ここで生活していると、以前の私はどれだけ死に向かった暮らしをしていたのかと恐ろしくなる。

「収穫できたのはトマトにズッキーニ、ナス、コーン、きゅうり・・・。確かにジャガイモと玉ねぎが倉庫にあったよね。」

野菜たっぷりのミネストローネとチーズをのせてこんがり焼いたフランスパン、マッシュドポテトあたりを作ろうかな・・・。
きゅうりは漬物にするため仕込んでおこう。浅漬けだったら簡単にできそうだしな。そうしよう。

昨日、多めに村へ出荷したから今日は最低限の量しか収穫していない。
収穫した野菜を簡単に洗ってキッチンに運んでおく。


ジェイドは3時間くらいで戻ると言っていた。家を出てから2時間くらい経ったから、後1時間くらいで帰ってくるのか。ちょうど帰りが15時頃なら、今からクッキーでも作って待ってようかな。

私がクッキーを作るときは、いつもアメリカンクッキーと決めている。
母がよく作ってくれていて、手伝っているうちにレシピを覚えた。母の味と言っても過言ではない。
大きめチョコチップとクルミが入っていて、ザクザク食感で美味しい。これなら紅茶にもコーヒーにも合うし、日持ちもする。
前に一度、ジェイドに作ったのだがとても喜んでくれた。その次の日には、保存用の瓶を買ってきたからまた作って欲しいとお願いされたくらいだ。

ボウルに入れた材料をさっくり混ぜて、天板にスプーンで形を作って並べる。天板に油をうす~く塗ることも忘れない。
・・・この世界にはクッキングシートがないのは、毎度不便だと思っている。


最後の生地を焼いていると、ジェイドが帰ってきた。

「甘い、美味しそうな匂いがするね。もしかしてクッキーかな?」

キッチンの方向に顔を向けてくんくんと匂いを嗅ぐ仕草が可愛い。

「正解!今最後の生地を焼いているから、焼き終えたら一緒に食べよ。」

「いいね!僕、コーヒー淹れるよ。アカリのクッキーと僕のコーヒーの相性は抜群だからね。ちょっと待ってて。手を洗ってくるから!」

そんな慌てなくても、そんなすぐに焼き上がらないのに。まぁ、喜んでもらえてよかったけど。
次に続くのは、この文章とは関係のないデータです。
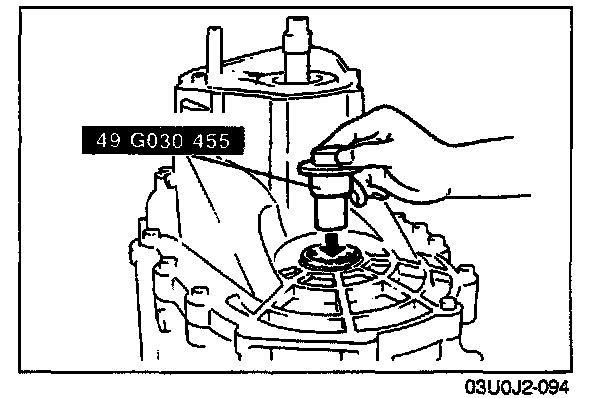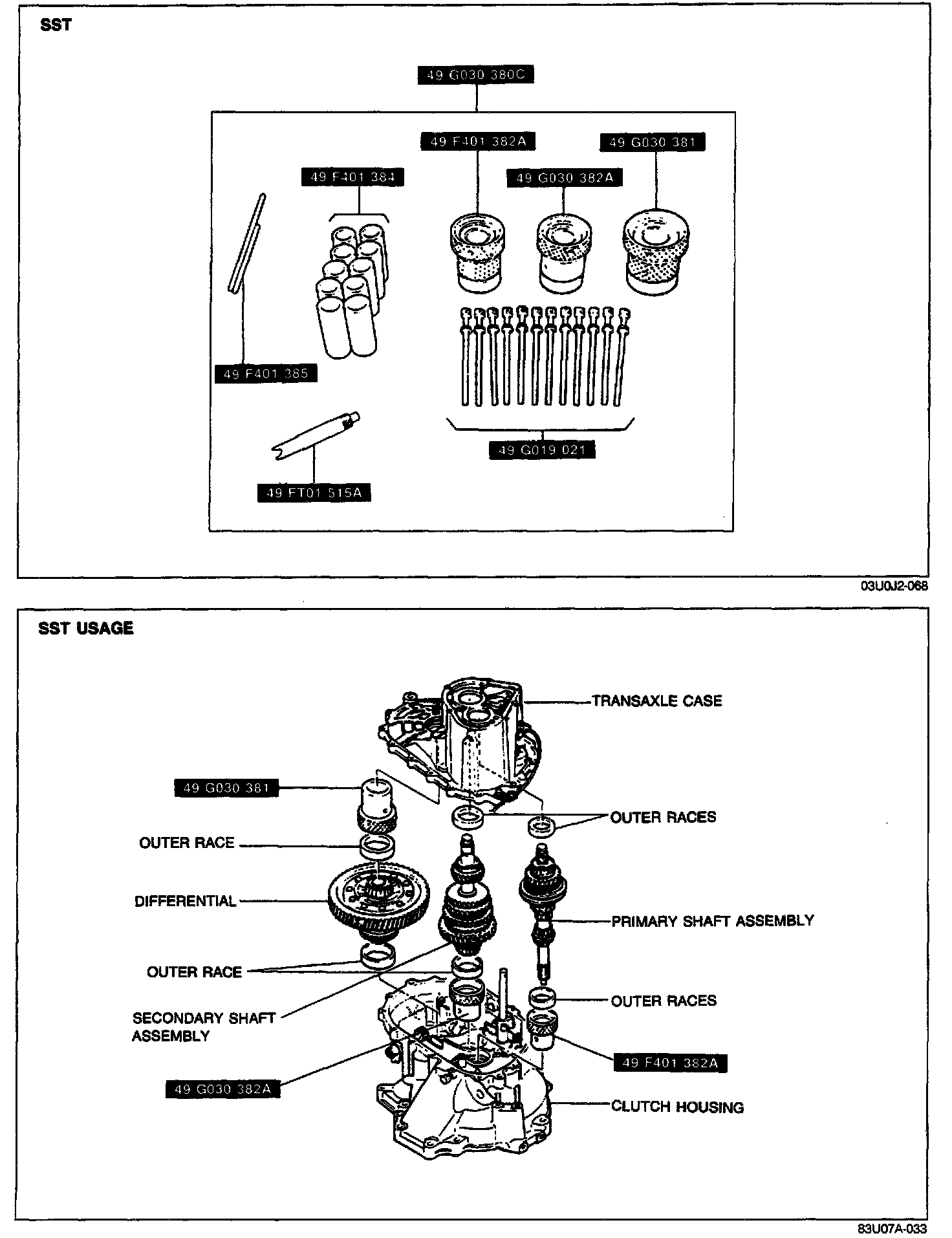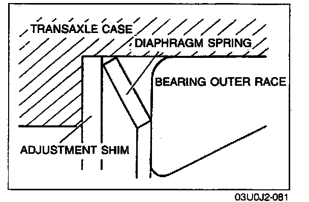 1. Install the primary and secondary shaft bearing outer races into the transaxle case (diaphragm springs and shims removed).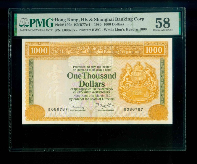 1980 香港上海滙豐銀行 $1000 PMG 58 編號:E086787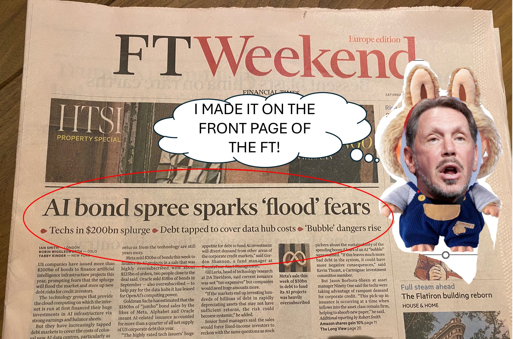 The front page of the Weekend FT shows that such concern is becoming mainstream. They forgot to add “Labubu Larry” on the cover, but I’m also happy to oblige!

歴代の彼氏には、仕事が忙しくて料理や手作りお菓子を振る舞う機会がなかった。初めての彼氏は大学に入ってからで、手作りが苦手だった。

「より美味しいものが安価で手に入るのに、わざわざ冒険して手作りを食べる意味がわからない。」

そう言われた時は悲しかったな。私の手作りを食べることは望見なんだ・・・なんかごめんね・・・て。
だから、あんなに喜んでくれるジェイドが相手だと作りがいがある。・・・彼氏じゃないのが残念だけど。

それにしても、私とジェイドはどういう関係なんだろう。これは同棲?・・・いやいや、ただの居候と家主がちょっと仲良いってだけか。
ジェイドは私に対して、大型犬みたいな反応をする。だからか勘違いしそうになる時があるんだよね。うっかり好きだとか言っちゃったら、そんなつもりじゃなかったとか言って追い出されるかもしれない。気まずいのは嫌だし、すぐに出て行けと言われてもそこまでのお金がない。

・・・現実は厳しい。
勘違いしない!しちゃいけない!ジェイドはおじいさんが亡くなった寂しいタイミングで私が来たから、私で寂しさを紛らわせているだけよ。寂しがり屋のウサギジェイドって言い聞かせよう。うん・・・想像したら、うさ耳のジェイド超可愛いな・・・・・・。